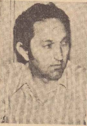
AUTARQUIA MUNICIPAL DE ESPORTES E OS JOGOS ABERTOS

Estádio Municipal — 10,00 horas Guarani F.C. x Nacional E.C. Estádio Municipal — 16,00 horas E.C. Vila Gloria x Municipal A.C. Estádio do Rio 400 — 9,00 horas Cortume Rotta F.C. x E.C. Prudentina
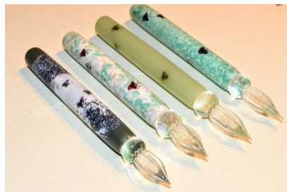
がび工房 ガラスペン各種
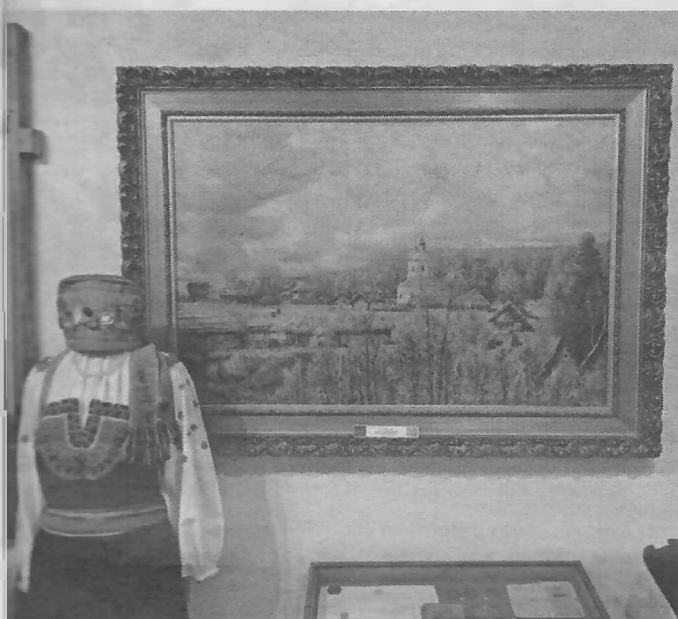
Сельский пейзаж Исаака Бродского

Откуда в Шебекинском историко-краеведческом музее появились картины знаменитых художников
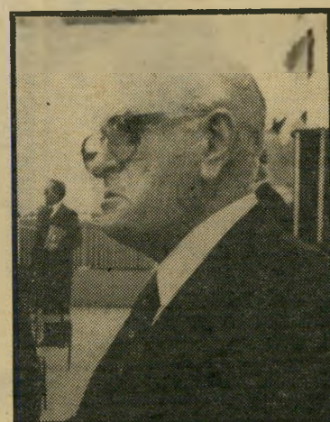
שר אוצר ארלוך מתנה מגרמניה

למרות התוכנית שהופקה בחוברת מהיר דרת, מפקקים ראשי הטלוויזיה, אם אומנם תצליח רשות-השידור לבצע אותה, מפני שלדעתם התוכנית אינה מציאיתית, והיא חישובים שבה אינם נכונים. תירכש חוליית מיקרוגל, שתחבר את רמות עם המיבנה הישן של הטלוויזיה, ויירכשו פריטי-ציוד קטנים בסכום של 150 אלף דולר.
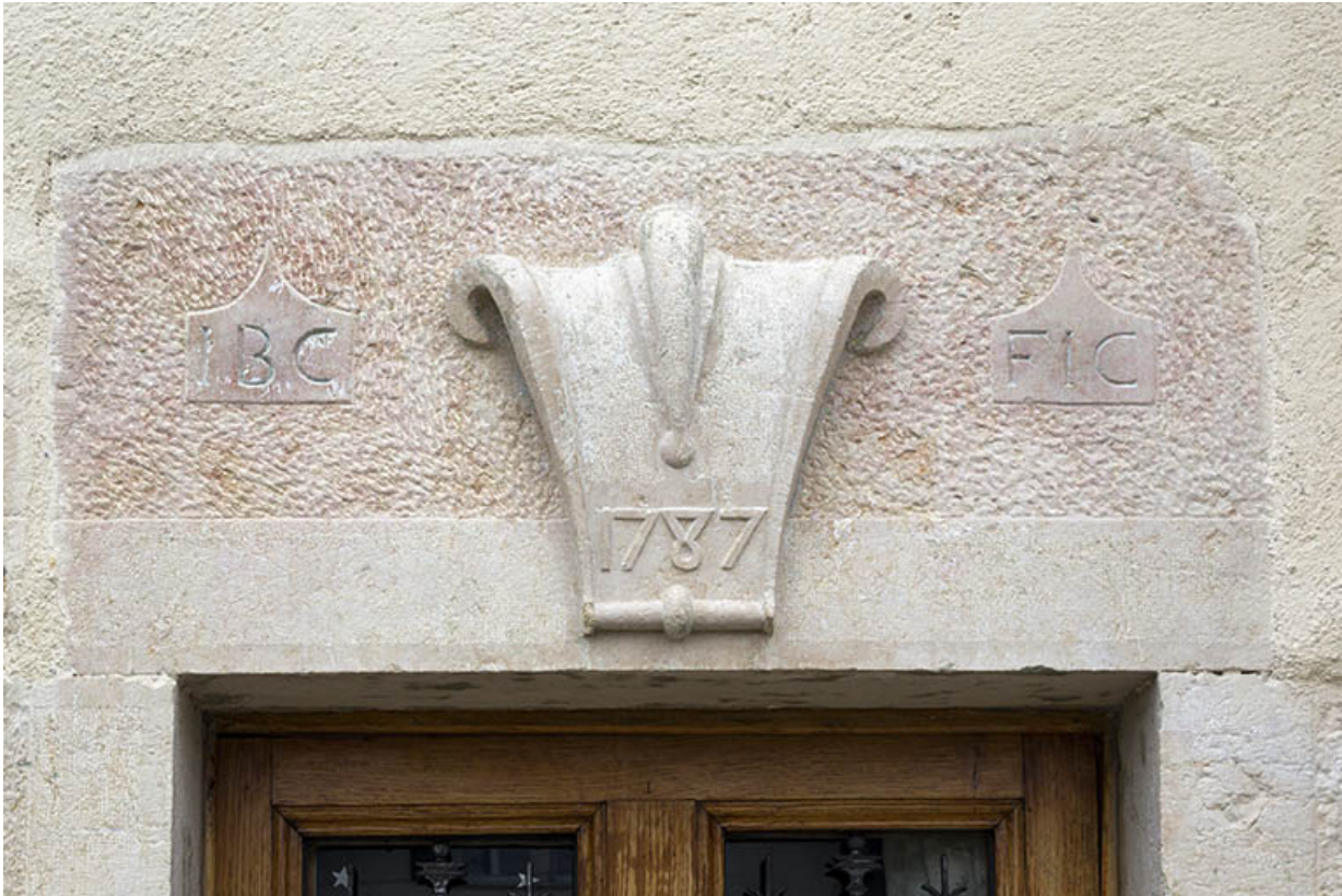
Façade antérieure : linteau orné et daté de la porte de droite.
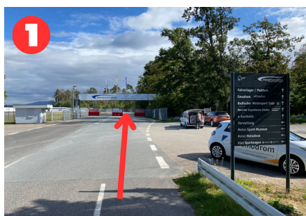
Eingang Richtung Fahrerlager

Sobald Sie in unmittelbarer Nähe zum Hockenheimring sind, orientieren Sie sich bitte Richtung „Fahrerlager“ (1), bevor Sie am Schrankenhaus rechts abbiegen in Richtung „Osttribüne/emodrom e-Kartbahn“ (2). Folgen Sie der Straße, biegen Sie links ab (3) und durchqueren Sie den Tunnel. Im Anschluss biegen Sie rechts ab (4) und folgen der Straße solange, bis Sie an der Osttribüne ankommen. Parken Sie bitte auf dem Schotterplatz und laufen Sie die letzten Meter auf der linken Seite der Osttribüne zum Eingang der e-Kartbahn.
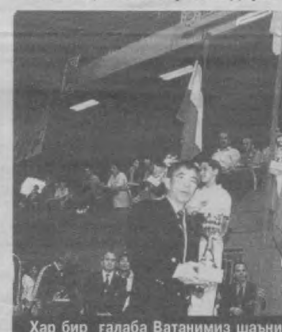
Ҳар бир ғалаба Ватанимиз шаъни учун...

- Нурхон ака, шоир, ёзувчи, хонанда, рассом бўлиш учун тугма истеъдод керак. Ҳар қанча машқ билан керакли дара-
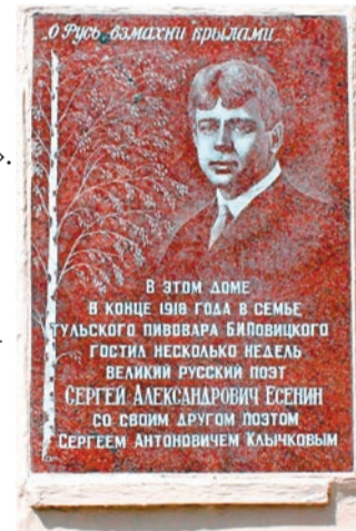
Памятная доска на здании по улице Коминтерна
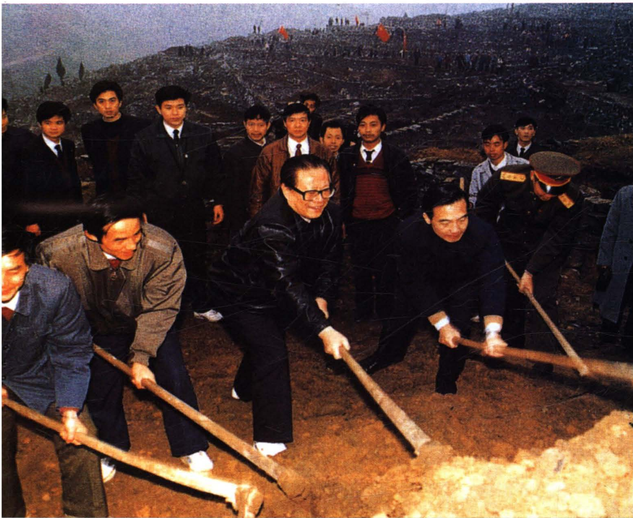
1991年12月，中共中央总书记江泽民在遵义视察农村坡改梯工程，与农民一起挥锄劳动。
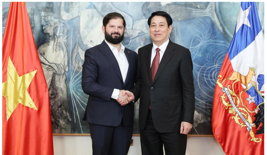
Chủ tịch nước Lương Cường và Tổng thống Chile Gabriel Boric Font chụp ảnh chung trước hội đàm.

các nguyên tắc, quan điểm nhất quán, xuyên suốt về độc lập, tự chủ, tự lực, tự cường, đa phương hóa, đa dạng hóa, vì hòa bình, hợp tác và phát triển. Việt Nam ủng hộ hệ thống thương mại đa phương và vai trò trung tâm của Tổ chức Thương mại thế giới; tin tưởng vào giá trị của tự do thương mại, kết nối và hội nhập quốc tế; sẽ tham gia có trách nhiệm và đóng góp tích cực vào nền chính trị thế giới, kinh tế toàn cầu và văn minh nhân loại trên tinh thần là bạn, là đối tác tin cậy và là thành viên tích cực, có trách nhiệm trong cộng đồng quốc tế.
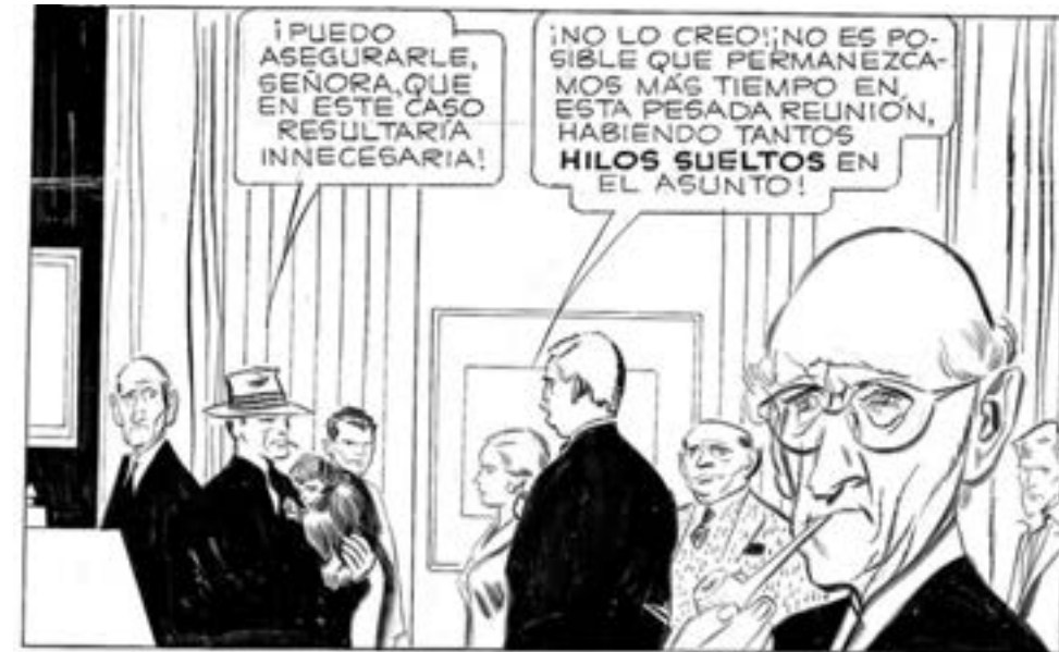
Alberto Breccia Las hojas de Kali Patoruzito N° 709 (1959)
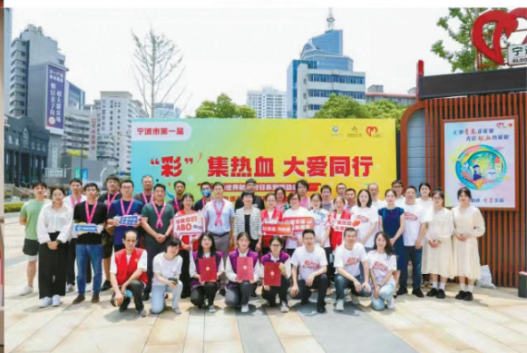
宁波市打造多元宣传矩阵,扩大无偿献血影响力。

今年是《浙江省实施〈中华人民共和国献血法〉办法》修订施行十周年。十年来,我市无偿献血事业持续巩固“政府主导、部门协作、社会参与”的工作模式,得到持续健康发展。2013—2022年,全市献血人次和献血量逐年递增,献血总人次从2013年的7.6万提升到2022年的10.8万,增长42.1%;捐献全血总量从2013年的21091.3升提升到2022年的31832.0升,增长50.9%;机采血小
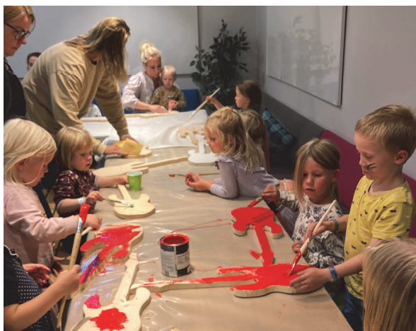
Gitarene skal males og senere pyntes med diverse stæsj.
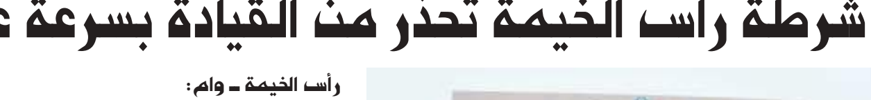
رأس الخيمة - وام :

أكدت إحصائيات مرورية أن أكثر من نصف الحوادث الطرق التي وقعت في شهر رمضان المبارك خلال الأعوام الماضية كانت قبيل وقت الغروب والإفطار، نتيجة السرعة الزائدة وعدم الالتزام بقوانين السير والمرور، وتجاوز الإشارة الضوئية الحمراء، وذلك لاستعجال السائقين في العودة لمنزلهم قبل وقت الإفطار. وقال العميد الدكتور محمد سعيد الحميدي مدير عام العمليات المركزية بشرطة رأس الخيمة إن هناك 10 أخطاء رئيسية يرتكبها مستخدمو الطريق أثناء القيادة في شهر رمضان تتسبب في حدوث الحوادث المرورية المهلكة وهي: القيادة
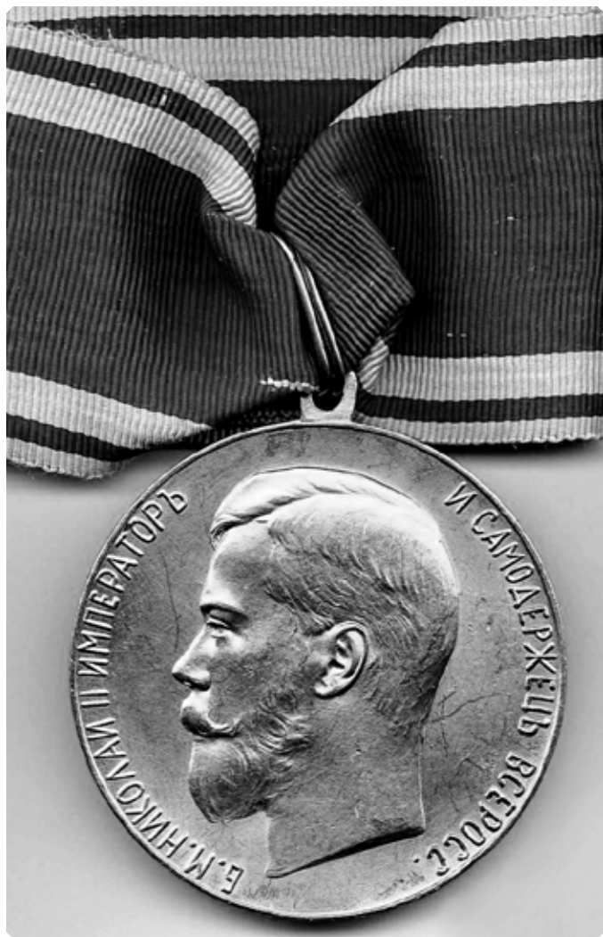
Серебряная медаль для ношения на шее на Станиславской ленте. На аверсе – профиль Императора Николая II. По кругу слова: «Божией милостию Николай II, Император и Самодержец Всероссийский». На реверсе – пальмовая, лавровая и дубовая ветви с надписью «За усердие»
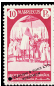
2654 35 €
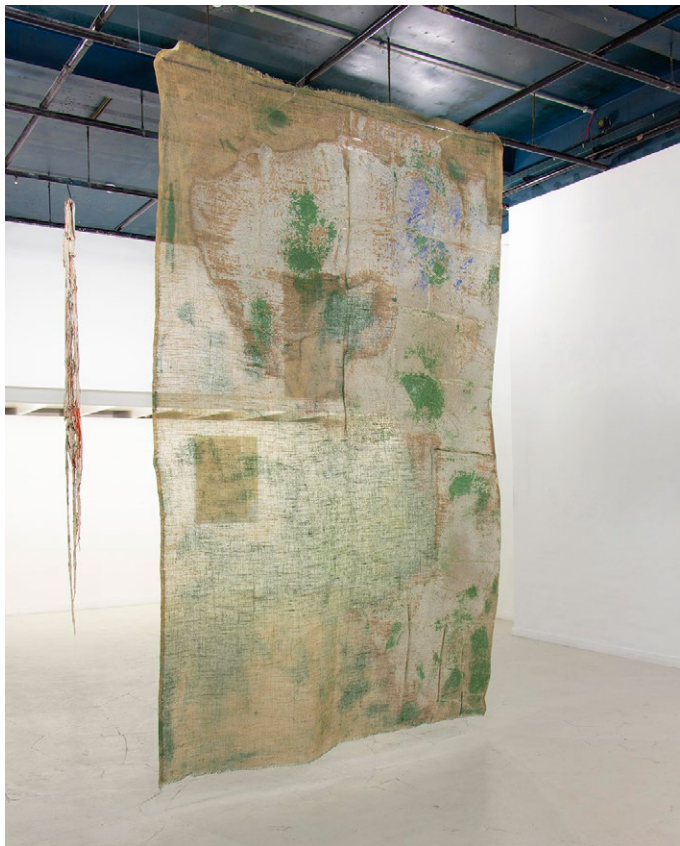
Vue d'exposition Laisser couler , 2026 Fondation Moonens, Bruxelles formats multiples

Sourdre 02 , 2026 Laine, mortier, colle, peinture à la chaux, pigments peinture à l'huile, vernis Damar, cire 338×16 cm

- - -

Above are entries with pictures among them. Write out exactly the lines from the one containing "1991年12月，中共中央总" through the one containing "宁波市打造多元宣传矩阵,扩大无偿献血影响力。", ends included, and leave those pictures out.

1991年12月，中共中央总书记江泽民在遵义视察农村坡改梯工程，与农民一起挥锄劳动。
Chủ tịch nước Lương Cường và Tổng thống Chile Gabriel Boric Font chụp ảnh chung trước hội đàm.

các nguyên tắc, quan điểm nhất quán, xuyên suốt về độc lập, tự chủ, tự lực, tự cường, đa phương hóa, đa dạng hóa, vì hòa bình, hợp tác và phát triển. Việt Nam ủng hộ hệ thống thương mại đa phương và vai trò trung tâm của Tổ chức Thương mại thế giới; tin tưởng vào giá trị của tự do thương mại, kết nối và hội nhập quốc tế; sẽ tham gia có trách nhiệm và đóng góp tích cực vào nền chính trị thế giới, kinh tế toàn cầu và văn minh nhân loại trên tinh thần là bạn, là đối tác tin cậy và là thành viên tích cực, có trách nhiệm trong cộng đồng quốc tế.
Alberto Breccia Las hojas de Kali Patoruzito N° 709 (1959)
宁波市打造多元宣传矩阵,扩大无偿献血影响力。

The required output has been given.